L’ancienne région Midi-Pyrénées au top, les Hauts-de-France à la traîne

Le haut du tableau est occupé par de nombreuses villes du quart Sud-Ouest de la France. Il y a quatre communes de l’ancienne région Midi-Pyrénées dans le Top 10 (Albi, Tarbes, Toulouse, Montauban). Bordeaux (3e), Bayonne (10e) et Biarritz (13e) sont aussi bien classées.

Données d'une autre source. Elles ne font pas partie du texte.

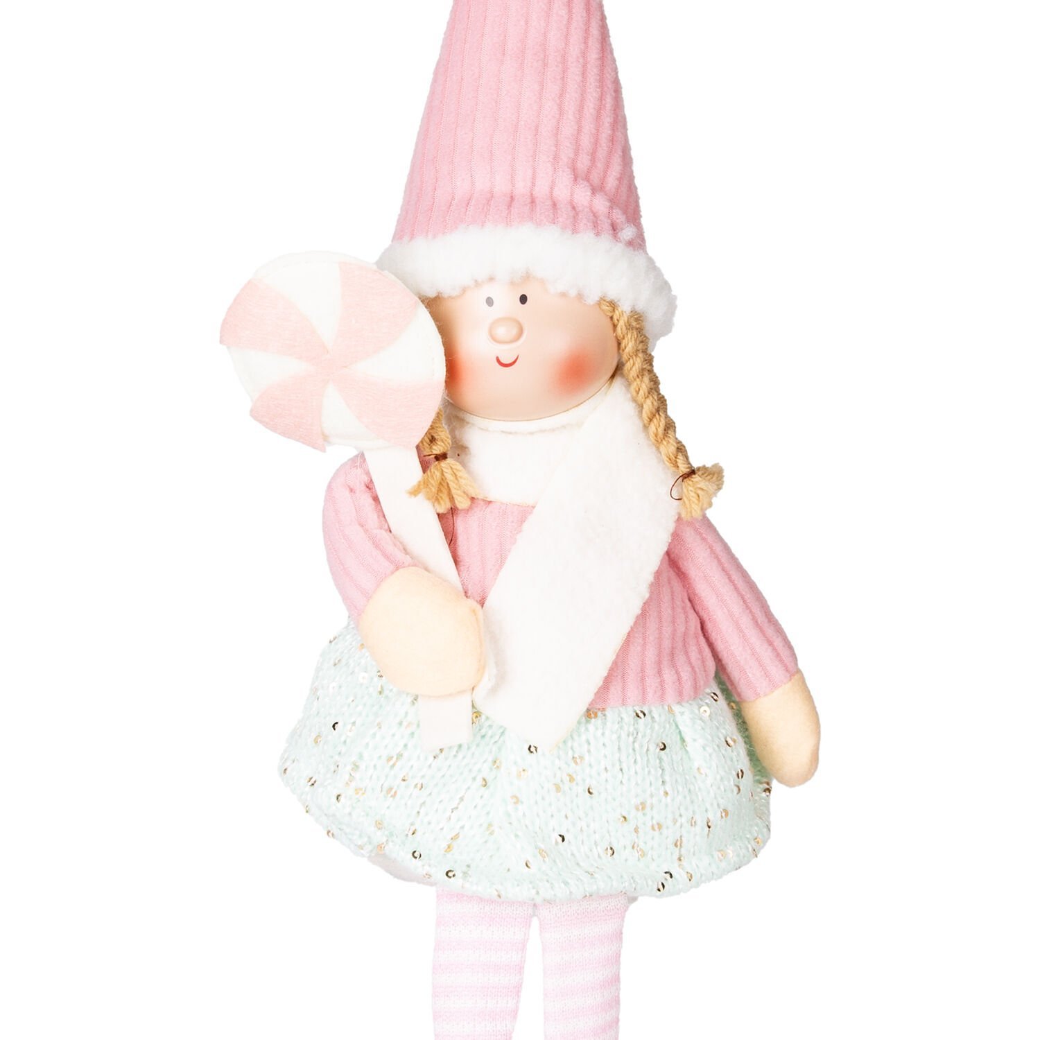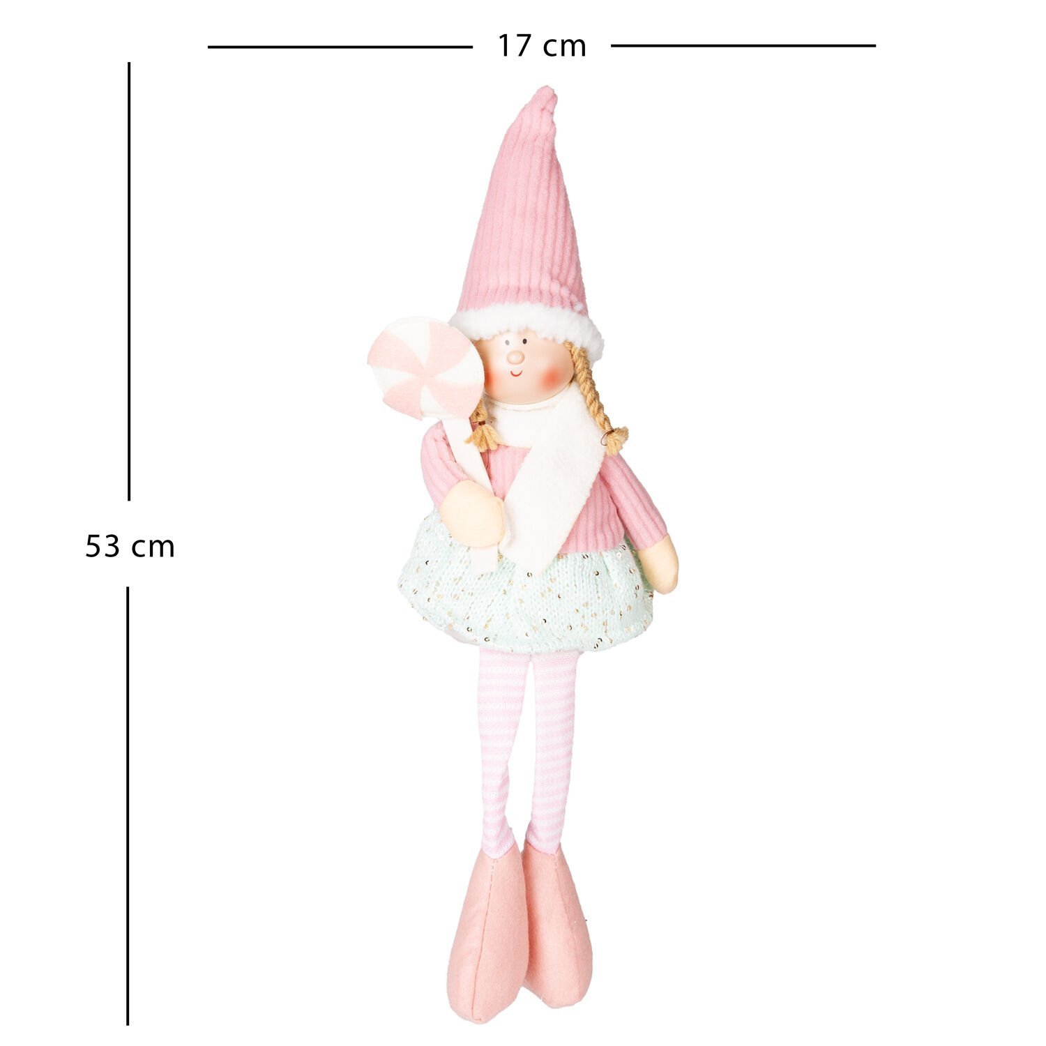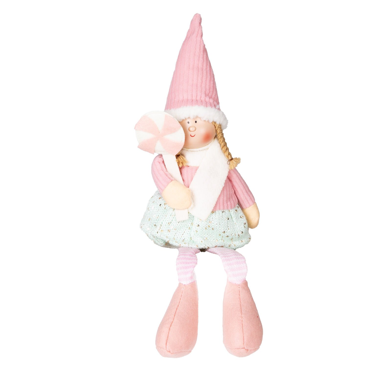 Yılbaşı Oturan Peri Figürü (53 cm, Pembe-Beyaz/Şeker Tutan): Tatlılığıyla İç Isıtan ve Neşe Saçan Sevimli Dekor

On retrouve aussi des endroits plutôt huppés de la Côte d’Azur ou de la région parisienne qui obtiennent de beaux scores : Neuilly-sur-Seine (7e), Cannes (11e), Cagnes-sur-Mer (12e)… Grenoble (4e), ville au dynamisme entrepreneurial certain, est plombé par ses problèmes de pollution, mais surperforme dans les autres critères.

À l’inverse, les villes qui sont en queue de classement sont surtout situées dans les Hauts-de-France. Roubaix, Calais et Dunkerque ferment la marche. Tourcoing (95e) et Saint-Quentin (92e) ne sont pas loin devant.

Difficultés socioéconomiques

Faut-il y voir un signe des bienfaits du soleil ou de la cuisine à la graisse de canard ? Antoine Flahault, professeur de santé publique à l’université de Genève avance des explications plus socio-économiques. «Mes trois hypothèses sont basées sur les revenus, l’éducation et la place sur l’échelle sociale. Ce sont les déterminants sociaux de la santé», détaille-t-il. L’ARS Hauts-de-France l’a bien compris, en lançant en juillet dernier un grand appel à projet pour lutter contre ces inégalités. Lutte contre le tabagisme et l’alcoolisme, conditions de logement, pollution, nuisances sonores, alimentation saine, encouragement de la pratique sportive… les leviers sont nombreux pour rééquilibrer la balance. «En réalité, tout ce que l’on promeut pour la santé est adopté par les plus riches et les mieux éduqués, souligne Antoine Flahault. Il faut le rendre accessible et populaire.